### Exercise
Your copy starts at the line containing "在长时间的游戏过程中,游戏内的画面也表现得非常流畅,游戏期间vivo Y100机身最 高温度约35.9℃,对手掌非常友好。" and ends at the last line below. Copy exactly, without pictures.

(Recorded data begins)

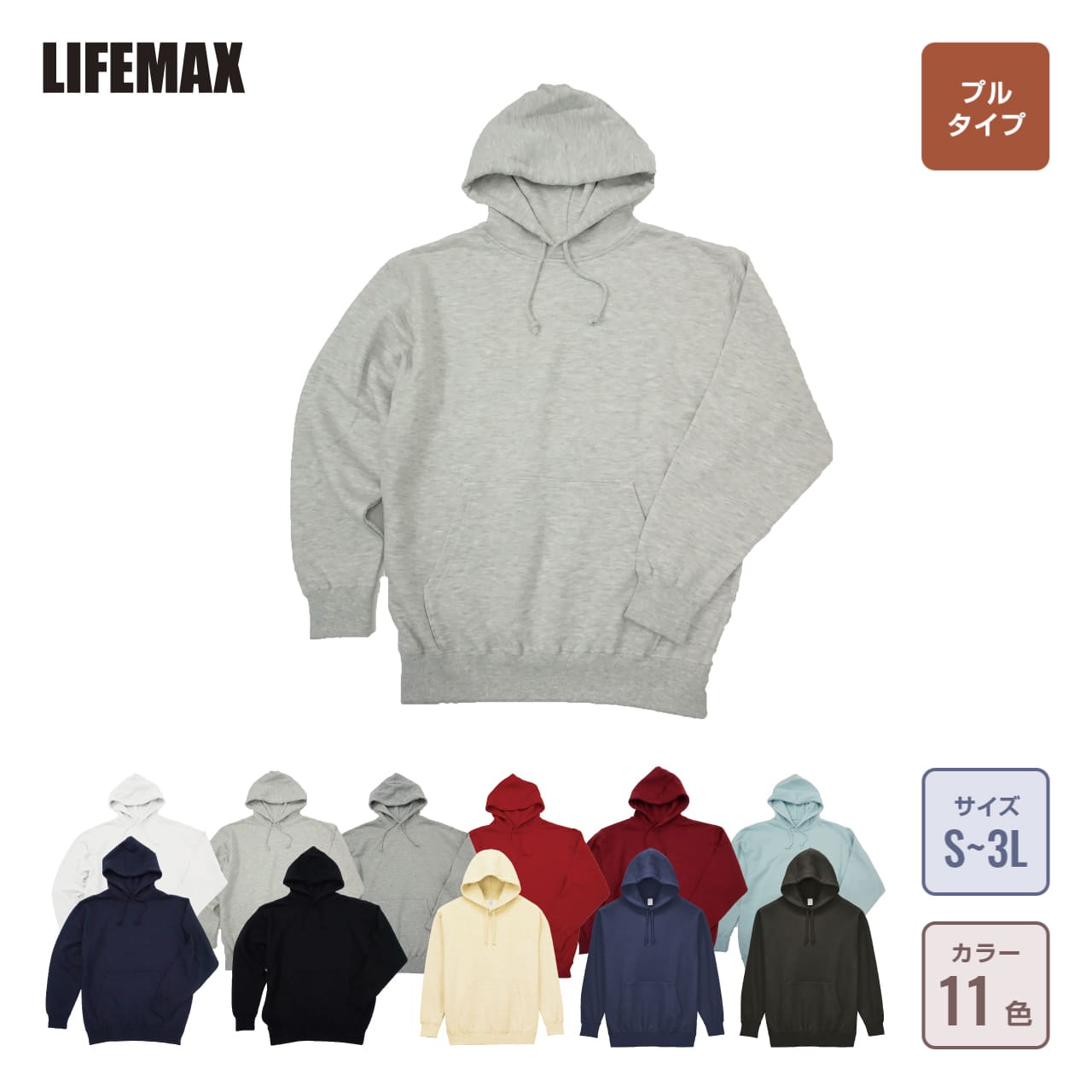 10オンスフードプルパーカー(裏パイル)
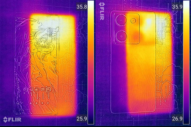 在长时间的游戏过程中,游戏内的画面也表现得非常流畅,游戏期间vivo Y100机身最 高温度约35.9℃,对手掌非常友好。
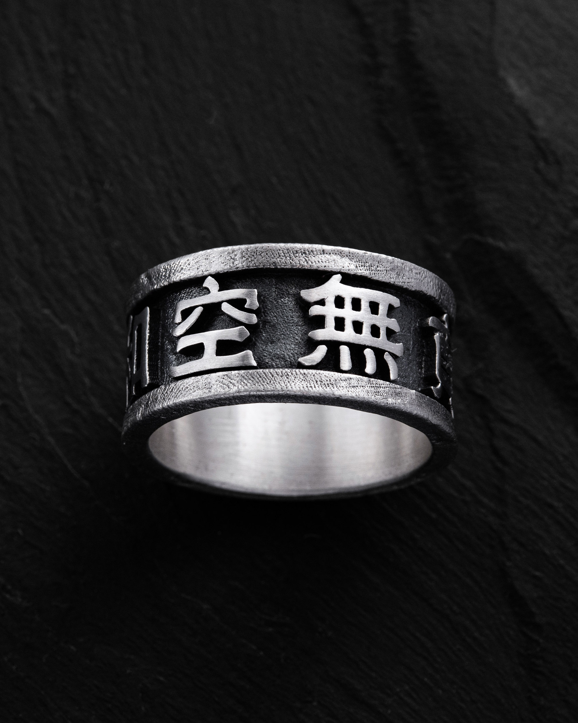 Die eingravierten Zeichen rund um den Ring spiegeln zentrale Konzepte der japanischen Philosophie wider:

(Recorded data ends)

### Answer section
 在长时间的游戏过程中,游戏内的画面也表现得非常流畅,游戏期间vivo Y100机身最 高温度约35.9℃,对手掌非常友好。
 Die eingravierten Zeichen rund um den Ring spiegeln zentrale Konzepte der japanischen Philosophie wider:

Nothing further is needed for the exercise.